> **Work request**
Strip out all images, then restate the data verbatim.

> **Recorded information**
================================

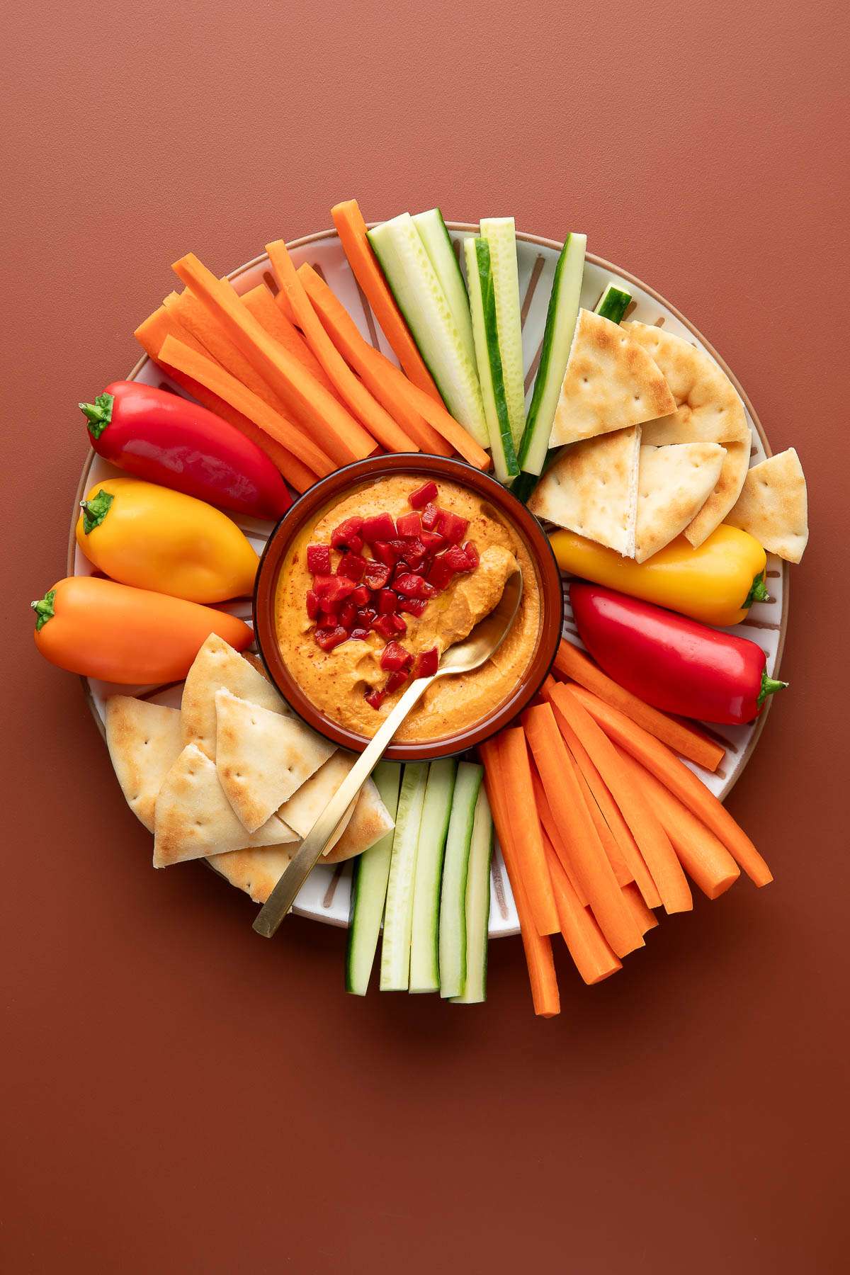 - Serve with your favorite hummus dippers! Some of my favorites are carrot sticks, cucumber sticks, pita wedges, sweet mini peppers or pepper slices, celery sticks, broccoli, and cauliflower.
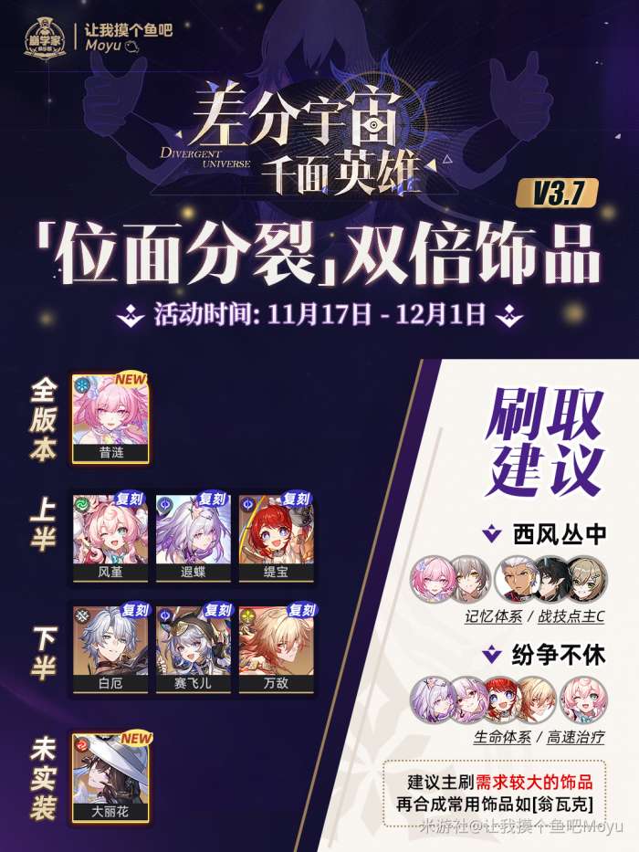 《崩坏:星穹铁道》V3.7位面分裂双倍饰品刷取优先级推荐:
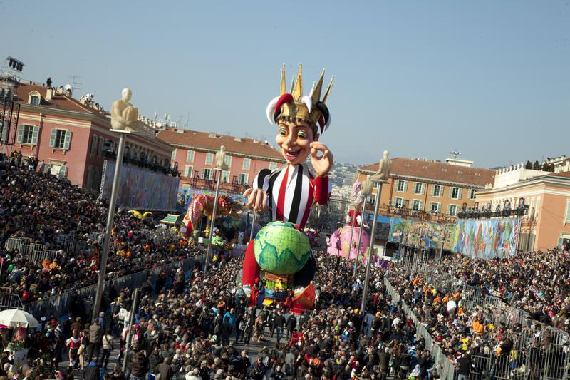 Les historiens n'ont pas connaissance de la date de la première édition du carnaval mais savent qu'il se tenait déjà en 1294. Le carnaval de Nice est l'un des plus grands carnavals du monde et reçoit chaque année une audience de plusieurs centaines de milliers de spectateurs. 16 chars de 8 à 16 mètres de hauteurs sont construits suivant un thème précis selon les années. Le thème du carnaval est «Le Roi des médias». Il s'agit de montrer qu'en France, malgré les attentats, la liberté d'expression réside toujours dans le pays. A Nice, les chars défilent sur la place Masséna, puis se déplacent sur la célèbre promenade des Anglais. La parade se déroule le jour et la nuit et est animée par des milliers de musiciens et de danseurs venus de part et d'autre de la planète, qui offrent un spectacle exotique.

================================

> **Expected answer**
 - Serve with your favorite hummus dippers! Some of my favorites are carrot sticks, cucumber sticks, pita wedges, sweet mini peppers or pepper slices, celery sticks, broccoli, and cauliflower.
 《崩坏:星穹铁道》V3.7位面分裂双倍饰品刷取优先级推荐:
 Les historiens n'ont pas connaissance de la date de la première édition du carnaval mais savent qu'il se tenait déjà en 1294. Le carnaval de Nice est l'un des plus grands carnavals du monde et reçoit chaque année une audience de plusieurs centaines de milliers de spectateurs. 16 chars de 8 à 16 mètres de hauteurs sont construits suivant un thème précis selon les années. Le thème du carnaval est «Le Roi des médias». Il s'agit de montrer qu'en France, malgré les attentats, la liberté d'expression réside toujours dans le pays. A Nice, les chars défilent sur la place Masséna, puis se déplacent sur la célèbre promenade des Anglais. La parade se déroule le jour et la nuit et est animée par des milliers de musiciens et de danseurs venus de part et d'autre de la planète, qui offrent un spectacle exotique.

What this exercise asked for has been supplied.